Be clear on this: No Libertarian I know is extolling smoking as a virtue or urging non-smokers to take up the habit. The basis for the opposition is the defense of business owners, who have the right to set their own policies, and who should be free from the heavy hand of government interference. If you don't like secondhand smoke, why not just avoid places that permit it? Is that too high-minded of me? To ask for a little tolerance of people engaging in behavior you don't quite approve of, in places that do not belong to you?

Libertarians have helped expose the fact that some of the money from the big tobacco lawsuit settlement, that was supposed to go for education, has instead gone into lobbying and into issue advocacy lobbying. From the Indy Star story:
At least one opponent -- Brad Klopfenstein, executive director of the state Libertarian Party -- questioned why government is spending thousands on an advertising campaign.

"I personally find it offensive that this money belongs to the state of Indiana," Klopfenstein said. "Suddenly, you have the state of Indiana lobbying other agencies to pass an ordinance."

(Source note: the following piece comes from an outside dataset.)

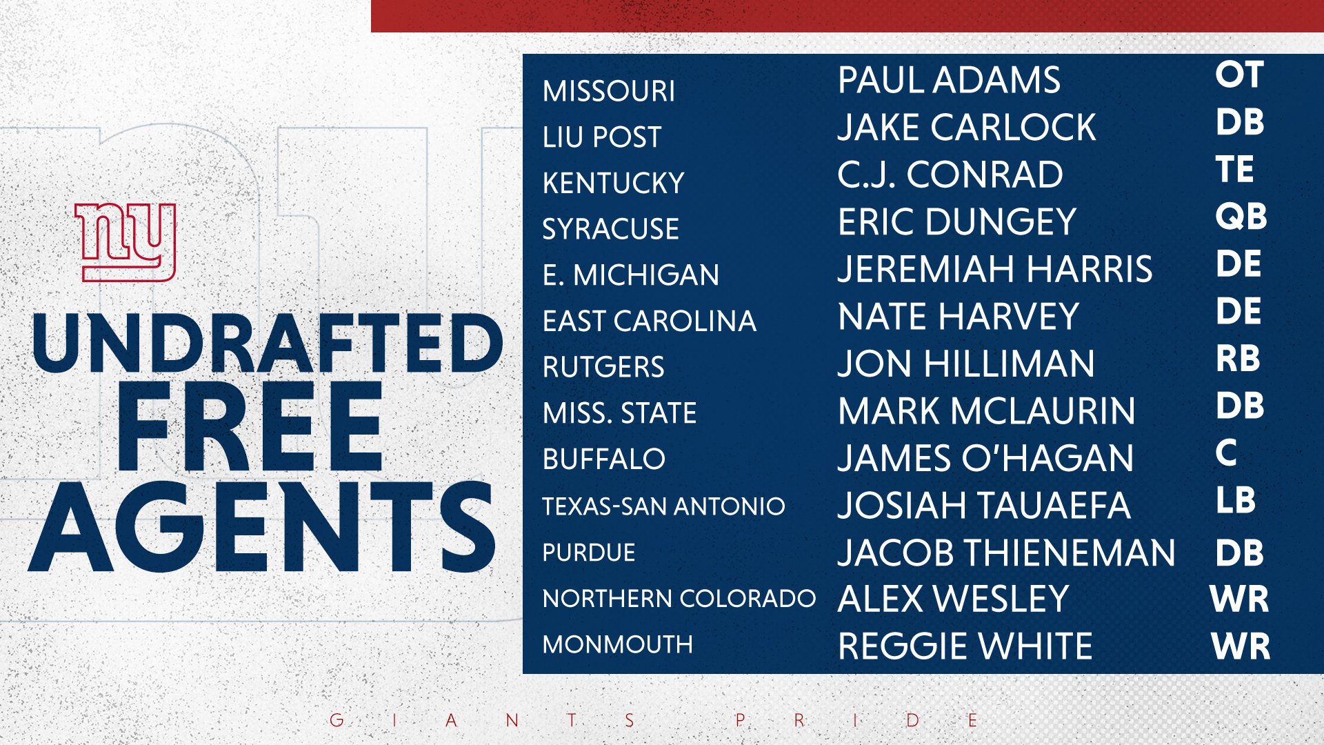 New Udfa Signing And New York Giants Center James O Hagan Finished Tied Last Season With The Draft Class Lowest Pressure Rate Allowed Among Centers Via Pff Nygiants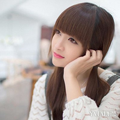 这是一款很能突显少女风格的双马尾发型,柔顺的中长直发发型,刘海修剪成平整的齐刘海发型,搭配白皙嫩滑的小脸,清新学院风十足。

So, the vote has been postponed. This had begun as the most restrictive law on smoking in the United States. With the help of the Libertarians, it has lost much of its authoritarian bent. It is assumed that the proponents will go back to the committee and pare the regulations down further.

We'll keep fighting to beat it back further. It's one thing for government to decree that smoking is forbidden in government owned place. It's another thing entirely to dictate to individual property owners on how to manage what belongs to them.